Olivier Poirier-Leroy is a former national level swimmer based out of Victoria, BC. In feeding his passion for swimming, he has developed YourSwimBook, a powerful log book and goal setting guide made specifically for swimmers. Sign up for the YourSwimBook newsletter (free) and get weekly motivational tips by clicking here.
The storylines that came out of the Seoul Olympics were as varied and colourful as the athletes whose names became synonymous with Games. There were the emerging stars such as Egerszegi, Nesty, Otto, Biondi and Darnyi, while other big names like Gross and Salnikov sought to end their Olympic careers with the reflective awesomeness of gold.
The Seoul Games were notable in that it was the first time the major swimming powers would all be competing against each other at the Olympics since the Montreal Games in 1976, a gap of 12 years. The West had boycotted the Moscow Games in 1980, with the Soviets following suite in 1984 when the Games were held in Los Angeles. Additionally, the Seoul Games would be the last time we would see the East Germans and Soviets compete as sport powers.
Here are the 8 biggest moments — in no particular order — that came out of the pool that fall in Seoul:
1.. Anthony Nesty out-touches Matt Biondi in the 100m butterfly.
Matt Biondi, otherwise known as the “California Condor”, was billed as the next Mark Spitz coming into the Seoul Olympics. With world record holder Pablo Morales not competing – he placed third at the US Trials a month earlier – Biondi looked to have the field at his whim.
And for 99 metres, he did. With the pack — including defending Olympic champion Michael Gross — coming back on him, Biondi held a comfortable lead with about 5 metres to go. Under the flags he was faced with the classic swimmer’s dilemma – to finish on half a stroke or glide in.
He choose the latter.
Surinam’s Anthony Nesty, swimming two lanes above, finished on a full stroke, out-touching the American by the slimmest of margins – just 1/100th of a second.

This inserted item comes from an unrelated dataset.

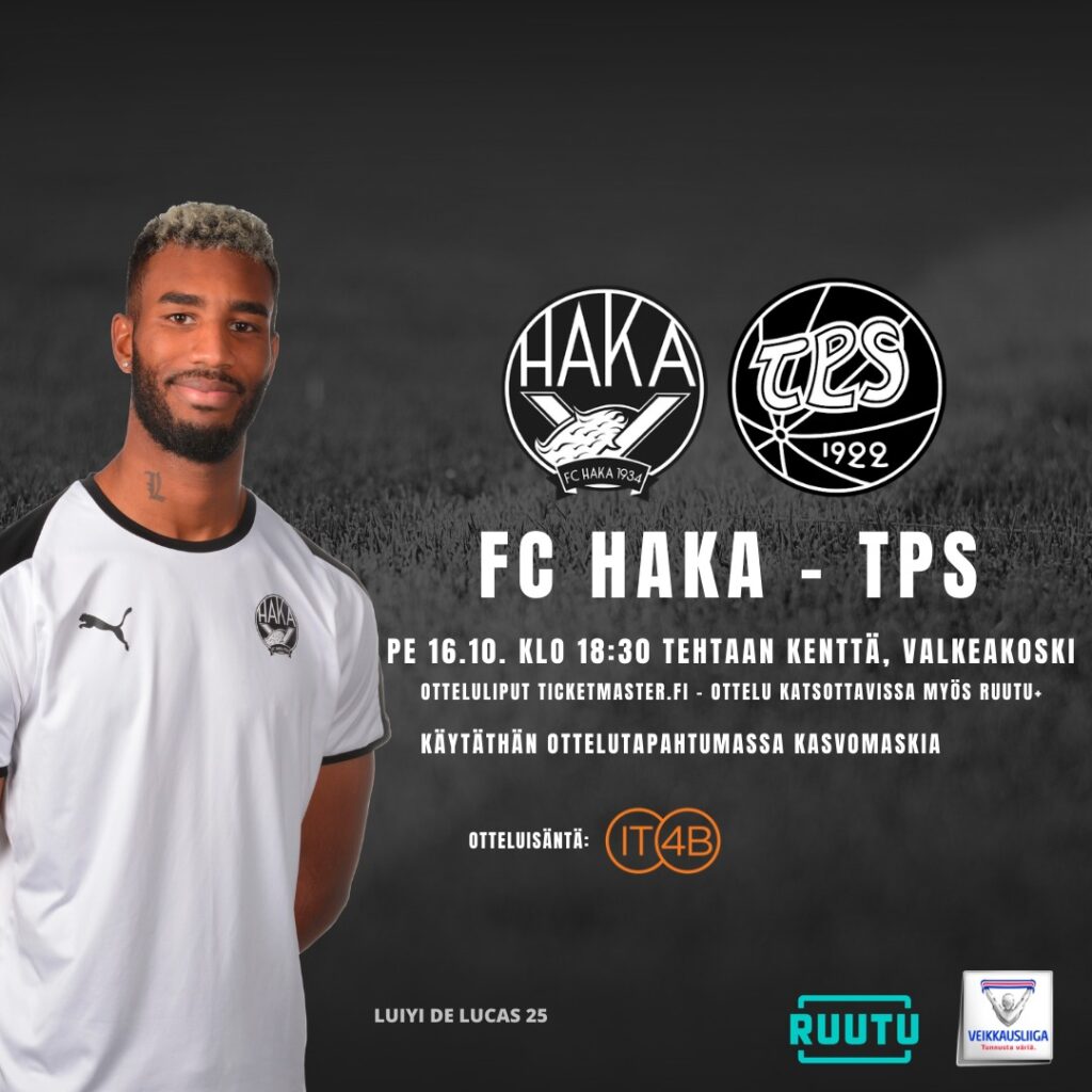 FC Haka kohtaa äärimmäisen tärkeässä ottelussaan Turun Palloseuran perjantaina 16.10. klo 18.30 Tehtaankentällä. Kiihtyvästä korona -tilanteesta huolimatta, meillä on edelleen mahdollisuus ottaa yleisöä kotiotteluihimme. Haluamme kuitenkin järjestää ottelutapahtumamme vastuullisesti, joten FC Haka pyytää, että kaikki tapahtumaan saapuvat käyttävät kasvomaskia.
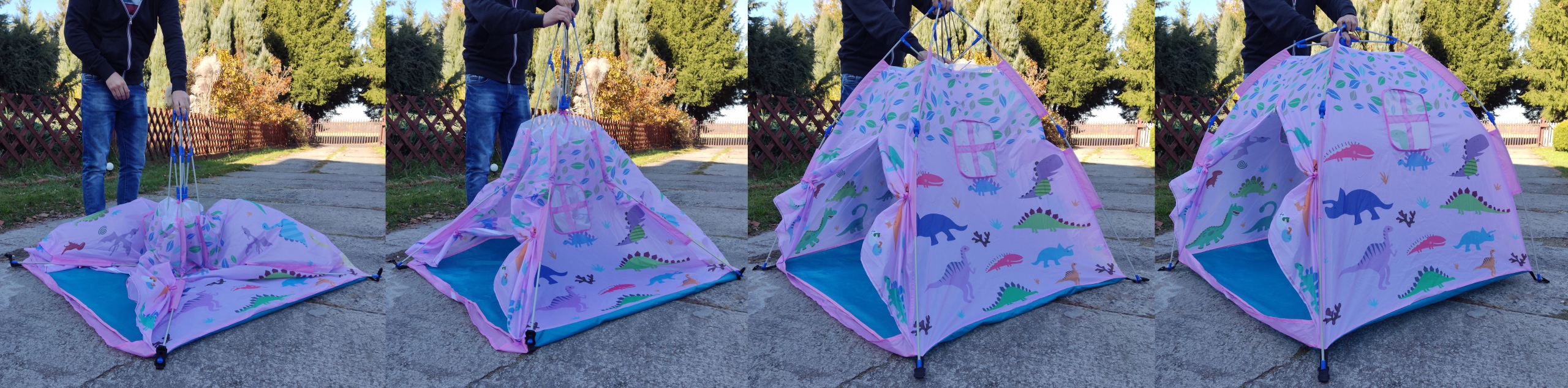 ДЕТСКИЙ ПАЛАТОЧНЫЙ ДОМ С СИСТЕМОЙ БЫСТРОГО СКЛАДЫВАНИЯ - ДИНОЗАВРЫ Розовый

Biondi, in a diary that he kept for Sports Illustrated during the Games, summarized the margin of victory and the expected reaction he had upon watching it: “After all, what’s a 100th of a second? Could I have won with longer fingernails? A slightly quicker start? Looking at the tape of the race just makes me sick to my stomach.”
2. Tamas Darnyi wins the IM double.
Daryni was the master of the individual medley for close to a decade, dominating both IM’s at every major international competition between 1985 and 1993.
Forged under the heavy and demanding workload heaped on him by his father – who would spank him mid-workout if not performing adequately – and his coach (who once made Darnyi swim 200 laps with paddles and a t-shirt for extra resistance as punishment for an “uninspired workout”) Daryni dominated the IM’s in Seoul, winning the 200, and then completely dismantled the field to win by over 3 seconds in the 400, breaking his own world record in the process.
3. Janet Evans captures hearts and gold in the 400m freestyle.
Faced against a daunting East German opposition, whose members had been running the table on international swimming since the early 1970’s, here was this tiny, bouncing ball of smiling energy wrapped in the stars and stripes.
With her trademark windmill and endless endurance Evans was one of the very few to break the East German stranglehold on gold medals, winning both distance freestyles and the 400 IM. Her greatest performance came in the 400m freestyle, where she not only won gold, but swam a world record that would go unbeaten for 18 years.
4. Kristin Otto wins 6 gold medals.
A year before the Berlin wall came down– and the subsequent unveiling of their sophisticated state-sanctioned doping program — the East Germans put on one final display of overwhelming superiority on the Olympic stage. Their crowning achievement would be a tall blonde from Leipzig named Kristin Otto.
In Seoul she would put on a stunning display of versatility by winning the 100 free, 100 back, 100 butterfly, and 50 free, while also contributing to the GDR’s winning 4×100 medley and 4×100 freestyle relay.
Becoming the first woman to win six gold medals in a single Olympic games – the previous record was multi-way tie with four golds – she could have won 7, tying Spitz’ record, had the 4×200 freestyle relay also been competed on the women’s side.
5. Krisztina Egerszegi becomes the youngest swimmer to win gold in Olympic history.
At just 14 years of age, Egerszegi won the silver medal in the 100m backstroke, and then qualified second fastest for the final behind defending World Champion, Cornelia Sirch from East Germany. At the 100 it was a 3-way race between Egerszegi, Sirch, and another East German, Kathrin Zimmermann, with the rest of the field left in the dust. The tiny Hungarian not only took on the two more experienced GDR athletes, but dismantled them over the last 50 metres, pulling away to win gold and break the Olympic record.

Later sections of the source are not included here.